> [Work item]: Below are some entries. Return exactly the lines from the one with "Deutsches Literatur- institut" through the final line, leaving out any pictures.

> [Supplied data]:
════

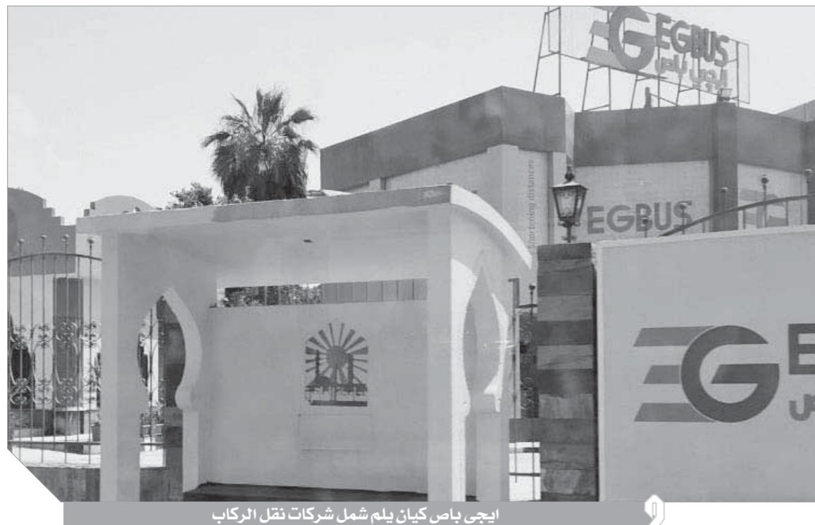
إيجى باص كيان يلم شمل شركات نقل الركاب

انتهاء إجراءات الدمج والبحث عن إدارة تشغيل محترفة من القطاع الخاص
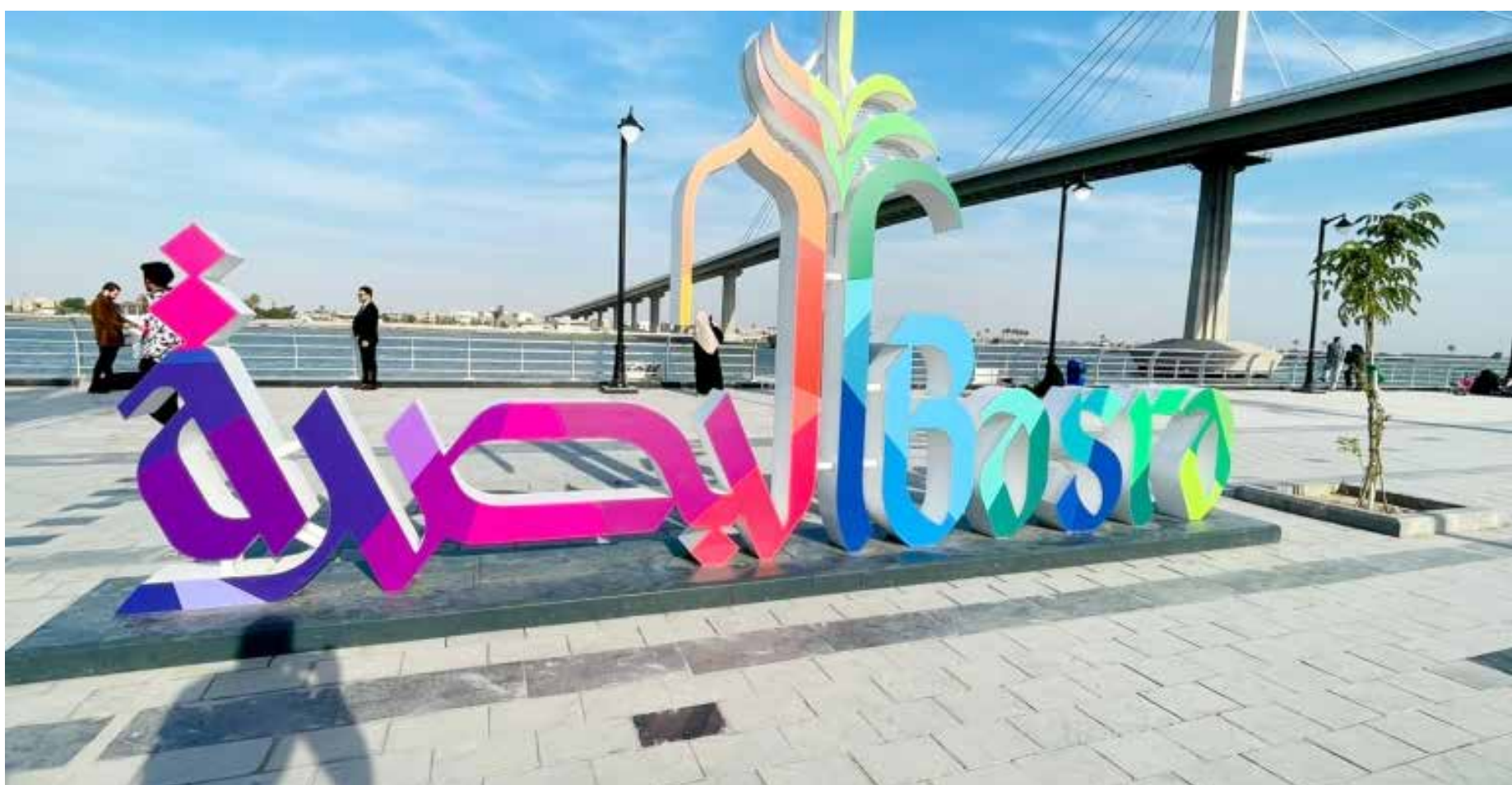
كورنيش البصرة في حلة جديدة استعداداً لاستضافة خليجي 25

وبين ان الموازنة التشغيلية ستكون بحدود 110 ترليوناً والاستثمارية 30 ترليوناً، وهي غير كافية لتحقيق رغبات الحكومة والمحافظين وتطلعات الناس، متوقعا تنفيذ بعض البرامج الترقية في المحافظات،
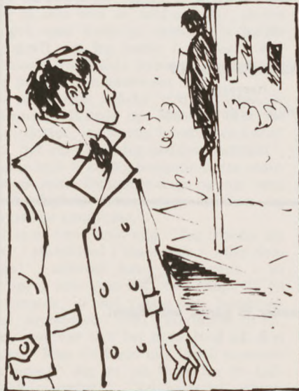
En mand dinglede i en lygtepæl — hængt.

Mismodige begyndte vi tilbagetoget. Vi nåede Berlin igen — og jeg vidste mere end de fleste om, hvor let denne såkaldte frontlinie kunne gennembry-
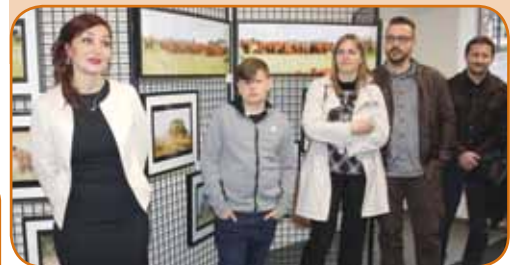
Au Vernissage de l'Exposition «Kenya»
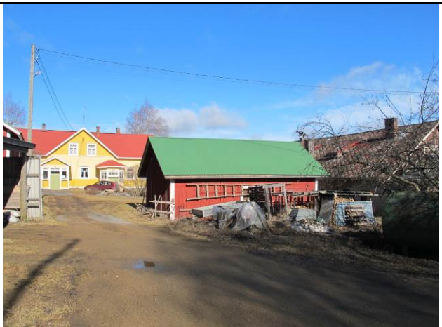
424-2-128 Yli-Hiissa sauna-liiteri 3 idästä 2013
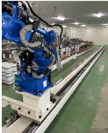
可動式梱包ロボット 組 搬 設
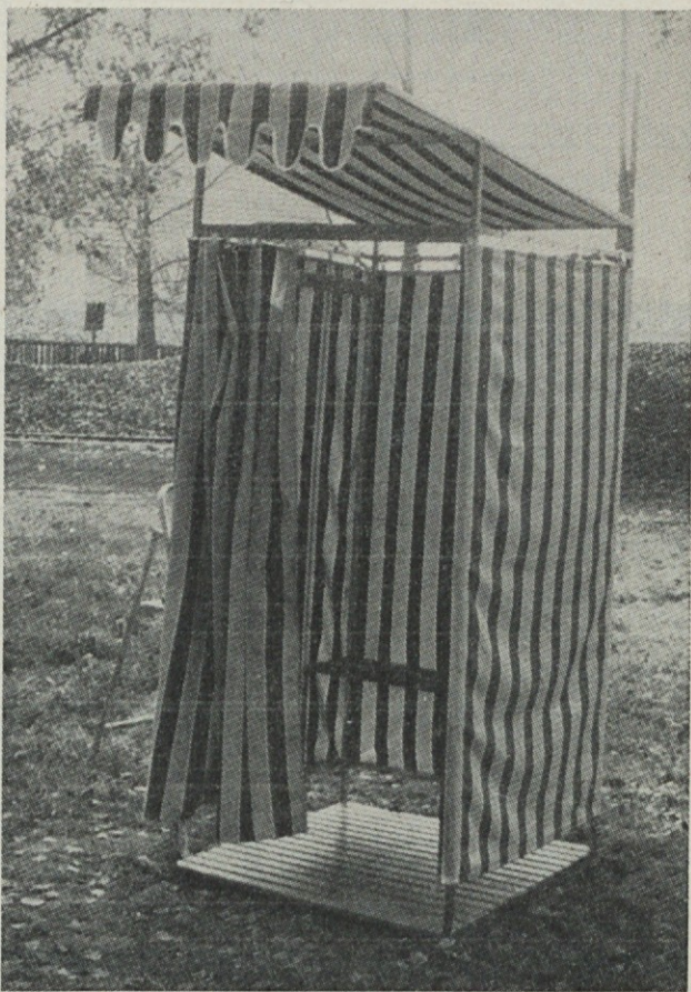
Kabine za kopaljšča so naš najnovejši izdelek. Možnost serijske montaže in odlična kvaliteta tkanine v živahnih barvah. Ogrodje: aluminij; tkanina: Leacril
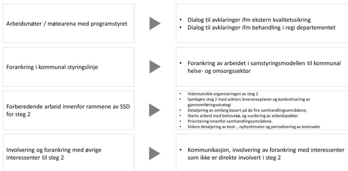
Figur 1 – Videreføring av samarbeidet inn i 2022

Det er mange interessenter til steg 2 som ikke har deltatt aktivt i arbeidet med forprosjektet. Det planlegges derfor et arbeid med kommunikasjon, involvering og forankring som i løpet av satsingen vil bli direkte eller indirekte påvirket.
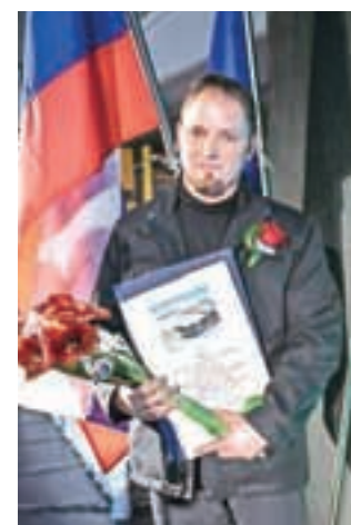
Priznanje Občine je prejelo Planinsko društvo Gorenja vas.
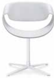
Fusskreuz Cross base
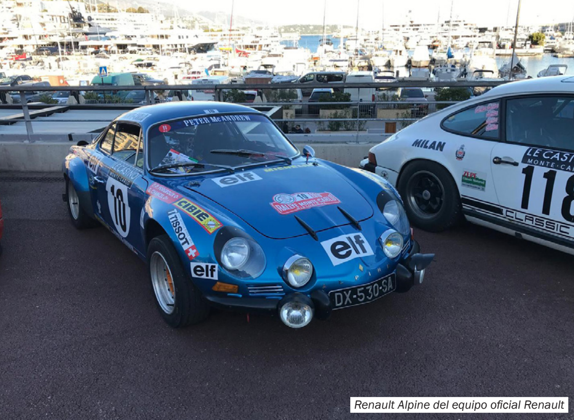
Renault Alpine del equipo oficial Renault
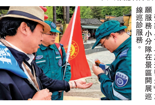
▲張家界市「旅遊醫生」志願服務小分隊在景區開展巡診服務。

讓醫療保障更加智能化、響應更加高效。」張家界市醫療集團總院（市人民醫院）相關負責人表示，這一舉措有效提升了應急救治的精準度和反應速度。此外，針對入境遊客持續增多的特點，張家界市還專門印製中、英、韓多語種健康服務宣傳手冊，在景區服務點向有需要的外籍遊客發放，方便其了解就醫流程和急救常識。 大公報記者方俊明
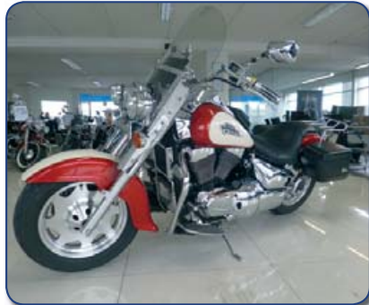
Suzuki VL 1500 árg 1998 ekið 41 þús km Ásett verð 1.200.000 Rnr.251336
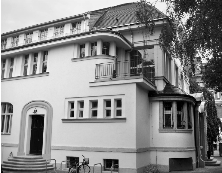
Deutsches Literatur- institut Leipzig, Wächterstraße 34, 2008

Das Haus – das ehemalige Gästehaus der DDR-Volkspolizei – war noch im Zustand seiner vormaligen Nutzung. Im Keller gab es eine Bar mit Tanzfläche, eine Sauna und eine Bauernstube mit Elektrokamin. In einer Kammer hingen die Reste der Abhöranlage aus der Wand. Auch bei diesem Haus war noch die Eigentumsfrage zu klären. Eine Erbengemeinschaft hatte Restitutionsansprüche. Ihr wurde von der Stadt Leipzig das Eigentum rückübertragen, danach wurde es vom Freistaat Sachsen um 5,5 Millionen DM erworben.
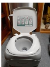
⑤ポータブルトイレ

════

> [Solution to this exercise]:
Deutsches Literatur- institut Leipzig, Wächterstraße 34, 2008

Das Haus – das ehemalige Gästehaus der DDR-Volkspolizei – war noch im Zustand seiner vormaligen Nutzung. Im Keller gab es eine Bar mit Tanzfläche, eine Sauna und eine Bauernstube mit Elektrokamin. In einer Kammer hingen die Reste der Abhöranlage aus der Wand. Auch bei diesem Haus war noch die Eigentumsfrage zu klären. Eine Erbengemeinschaft hatte Restitutionsansprüche. Ihr wurde von der Stadt Leipzig das Eigentum rückübertragen, danach wurde es vom Freistaat Sachsen um 5,5 Millionen DM erworben.
⑤ポータブルトイレ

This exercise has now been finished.